A Canção de Lisboa (1933)

O filme mais querido do cinema português de sempre. Não é diretamente sobre maternidade, mas é sobre família, sobre Lisboa, sobre aquele Portugal que ainda existe na memória das avós. Uma forma bonita de celebrar as raízes.

Belarmino (1964)

Um documentário sobre um pugilista lisboeta — mas também um retrato de uma Lisboa de mães que trabalham, que resistem e que sustentam famílias em silêncio. Fernando Lopes captou algo atemporal.

Aquele Querido Mês de Agosto (2008)

Miguel Gomes filma uma família e um país — e a relação entre mãe, pai e filha surge com uma naturalidade que só o cinema documental consegue. Um retrato de Portugal rural que é, no fundo, um retrato de amor familiar.

Para ver em família (todas as idades)

Valente – A Indomável (Brave, 2012)

A Pixar a falar diretamente sobre a relação mãe-filha — com arcos, ursos e magia céltica. A Mérida e a sua mãe são o retrato de duas forças igualmente fortes que precisam de aprender a ouvir-se. Perfeito para ver com filhas de todas as idades.

Mulher-Maravilha (Wonder Woman, 2017)

Porque as mães também são super-heroínas — e porque às vezes é bom lembrar isso com um filme em que a protagonista é imbatível, corajosa e completamente humana ao mesmo tempo.

Ratatui (Ratatouille, 2007)

Tecnicamente não é sobre mães. Mas é sobre paixão, sobre seguir o que te faz sentir viva, sobre não te conformares com o que os outros esperam de ti. Para as mães que têm um sonho que ainda não perseguiram.

Séries sobre Maternidade

Às vezes um filme não chega — e o que queres é entrar numa série que te acompanhe ao longo do fim de semana. Aqui ficam as melhores séries sobre maternidade, carreira e vida de mulher que tens mesmo de conhecer:

Supermães (Workin’ Moms, 2017–2023) ⭐ favorita da MAC

Uma série canadiana sobre quatro amigas que regressam ao trabalho após a licença de maternidade — e tentam conciliar ambição profissional, amamentação, culpa e identidade sem enlouquecer completamente.

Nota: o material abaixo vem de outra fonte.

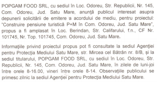 Solicitare acord de mediu ”Construire pensiune turistică P+M, Odoreu”
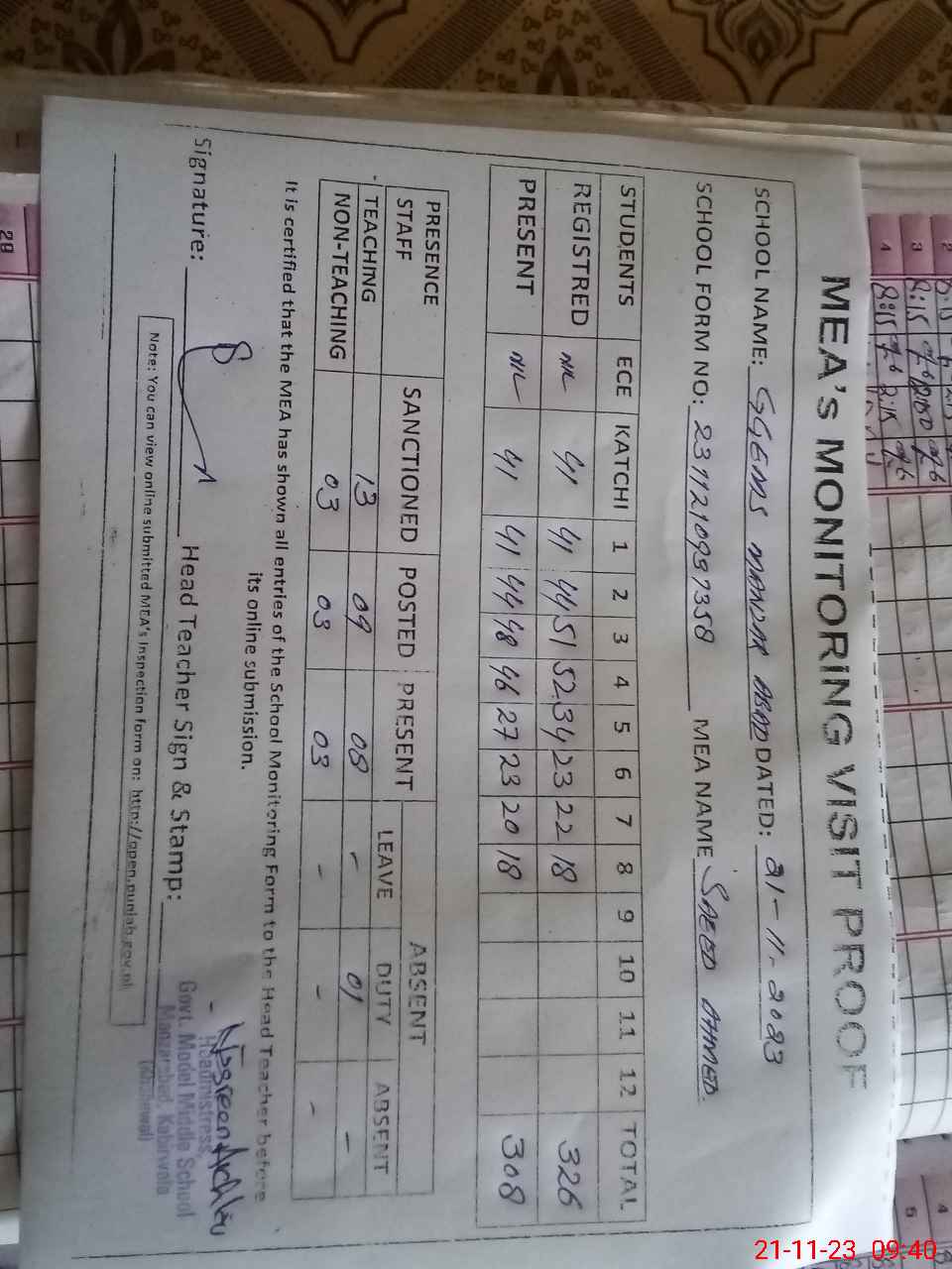 | Attendance Register | Head Teacher | MEA with School | Visit Proof |

Honesta, hilariante e surpreendentemente emocionante. Tem 7 temporadas e cada episódio é uma catarse. Obrigatória.

Maid (2021)

Baseada na história real de Stephanie Land, esta mini-série acompanha uma mãe solteira que foge de uma relação abusiva e tenta reconstruir a vida a partir do zero, com a filha pequena ao colo. Margaret Qualley está extraordinária. É difícil de ver em alguns momentos — e impossível de parar. Uma das melhores séries sobre maternidade e sobrevivência já feitas.

Breeders (2020–2023)

Uma comédia dramática britânica sobre dois pais que adoram profundamente os filhos — e que por vezes gostariam que eles não existissem. Martin Freeman e Anna Maxwell Martin são brutalmente honestos sobre o amor e a raiva que coexistem na parentalidade real. Menos conhecida do que merece. Um achado.

All Her Fault (2025)

Uma série thriller de suspense com Sarah Lancashire que começa com o que parece ser um simples desaparecimento de uma criança e se transforma numa exploração sombria das pressões e julgamentos sobre as mães. Compulsiva, bem escrita e com um final que não esperavas.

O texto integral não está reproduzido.